If a single message rises from these songs, it is that swing is a resilient, ever-adapting music form, changing colors like a chameleon. It’s nice to hear Oscar Pederson and Clark Terry playing 1964’s “Jumbles,” as a reminder of vintage swing, so to speak. For the sheer breadth of what we call swing lurks at every corner, and if a single artist hovers over this production, it’s not Benny or Duke or Pops, but Django Reinhardt, the gypsy who all but reinvented jazz guitar before his untimely death in 1953, at just 43.
Reinhardt’s sinuous melodies, moving from silken to haunted, register a deep influence on Children of the Revolution, a Seattle-based world-fusion band included on Swing Around the World. A cut titled “Gypsy Fire” by the Parisian guitarist known as Romane is all about Reinhardt. And there are clear echoes of Reinhardt in a popular 1990s’ swing-retro group called the Squirrel Nut Zippers, in the tune “Pallin’ with Al.”
The swing theme weaves through these cuts like a shadow dancer, drawing riffs out of rhythms, spinning new improvisations across time. New Orleans’ Duke Heitger and his Swing Band do a version of “Swing Pan Alley” (by Ellington and his famed soloist Cootie Williams) with Heitger cradling the mute, his thought field blooming with images of the supreme moment. Great stuff, full of poetic fire.
The New Orleans Jazz Vipers, composed of six pieces but no drum, features John Rodli singing “Blue Drag,” backed by a driving beat and roaming solos, packing heat, courtesy of Joe Braun on sax and Genevieve Duvaland on trombone.

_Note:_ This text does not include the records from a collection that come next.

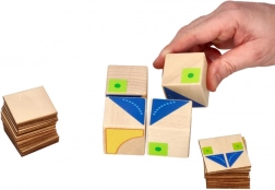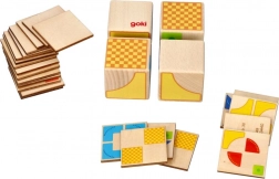 Ta na videz preprosta, a pametna didaktična igra znamke GOKI ponuja 26 predlog, po katerih otroci sestavljajo 4 lesene kocke v različne vzorce. Idealno za predšolske otroke in mlajše šolarje – vsaka naloga uri prostorsko predstavljivost, zbranost in potrpežljivost.
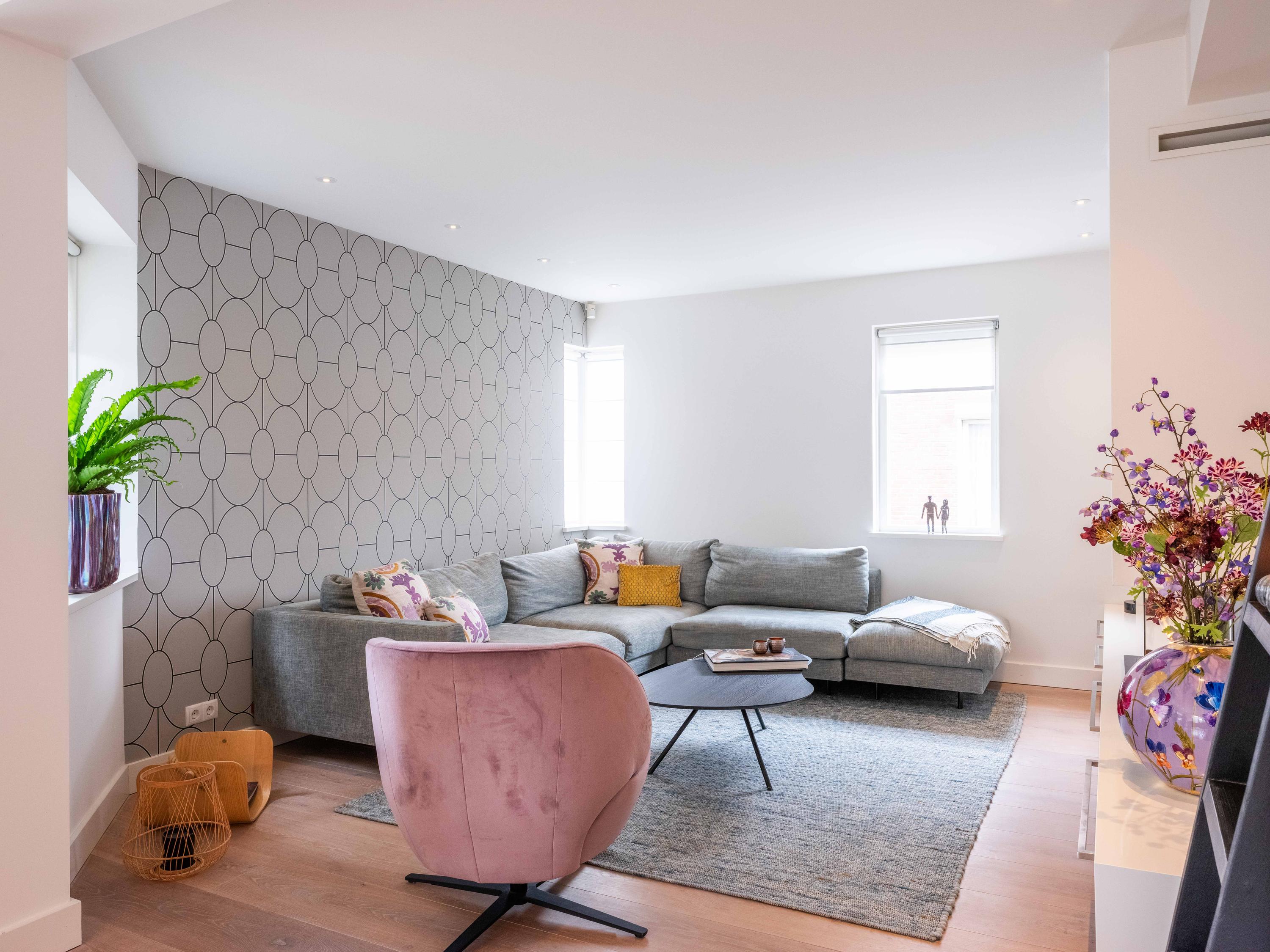 Double doors give access to the spacious L-shaped living room, where you are immediately welcomed by lots of light thanks to the large windows. In the corner is a cosy sitting area with an attractive gas fireplace. The oak laminate flooring in combination with underfloor heating throughout the ground floor creates a warm and comfortable atmosphere.
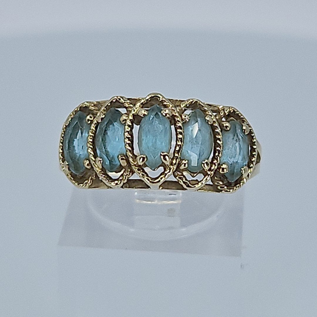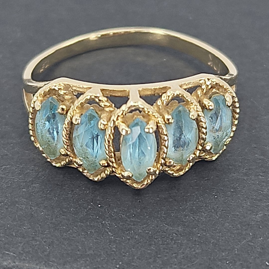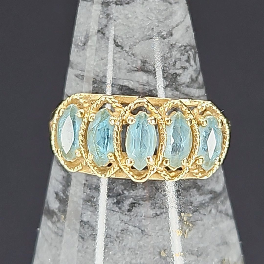 Crafted with 10K yellow gold, this ring features a tiered design with 5 marquise-cut blue topaz stones, exuding a sense of sophistication and refinement. The vibrant blue hues of the topaz stones are reminiscent of clear blue skies, adding a touch of tranquility to the piece.
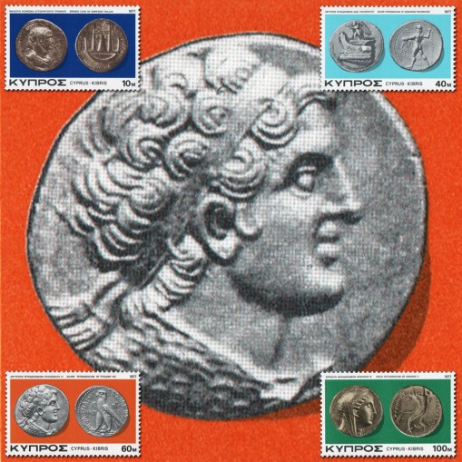 Seria, na znaczkach której widnieją starożytne monety kolejno:
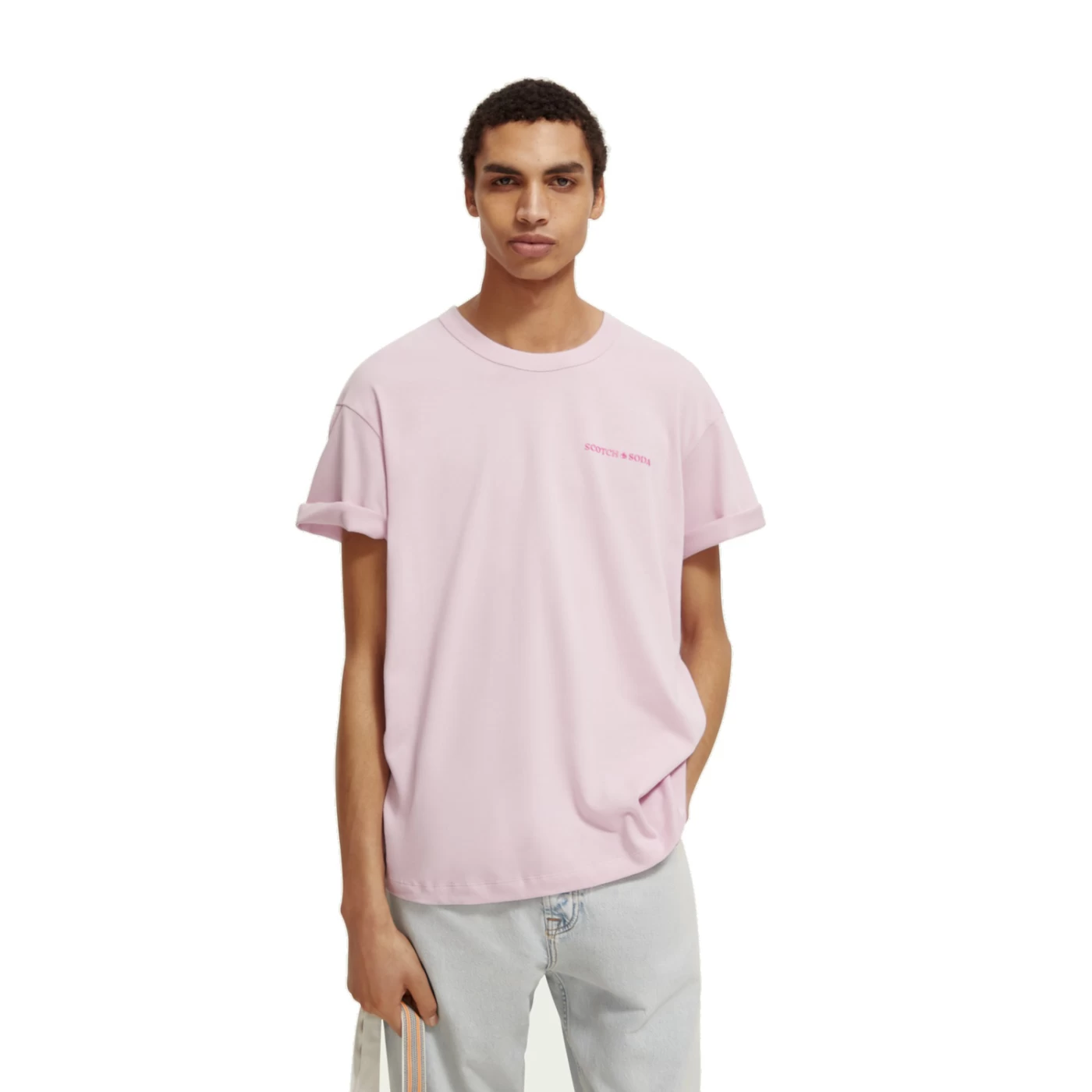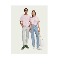 Stylisch und bequem, das klassische Scotch & Soda T-Shirt in Rosa ist eines der beliebtesten Kleidungsstücke. Mit einem Rundhalsausschnitt und einem modernen Logodetail auf der Brust ist dieses kurzärmlige T-Shirt perfekt für den Alltag.
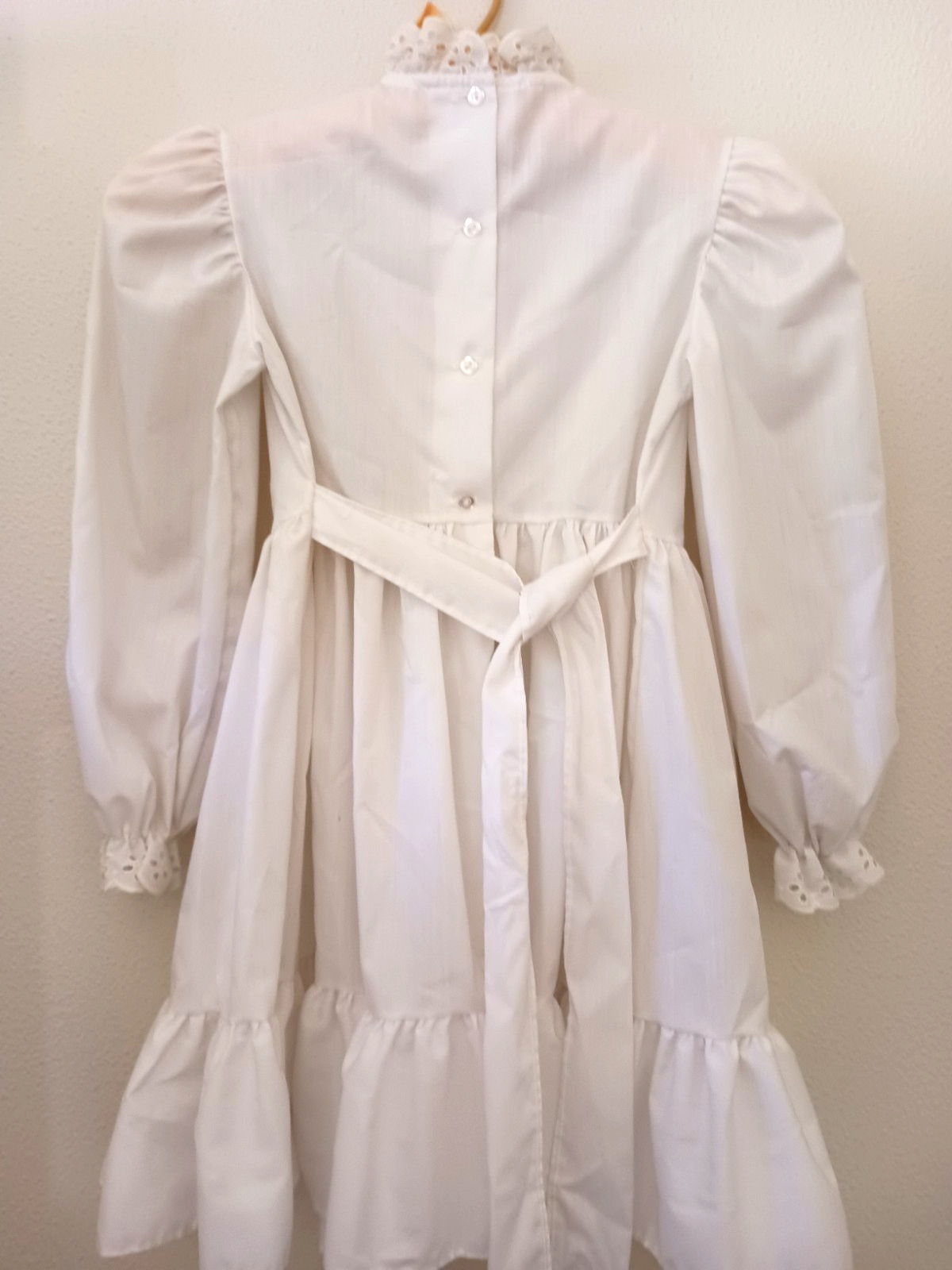 как выглядит Vtg 1970s-80s Madonna by Haddad Sz 6X Girls White Dress Eyelet Lace Puff Sleeves фото

The third Louisiana group featured on Swing Around the World is the Jambalaya Cajun Band with a Francophone version of “Hey, Rock.” The Western swing accents of this group, all the way down to the accordion lines, hark back to Depression-era country bands across the Southwest who drew on the horn charts of Benny Goodman and big-band orchestras, their popularity spreading via radio. A strong boogie-R&B pulse races through Jambalaya’s stomp-down swamp pop. If you can’t dance to this stuff, baby, you better sell the shoes.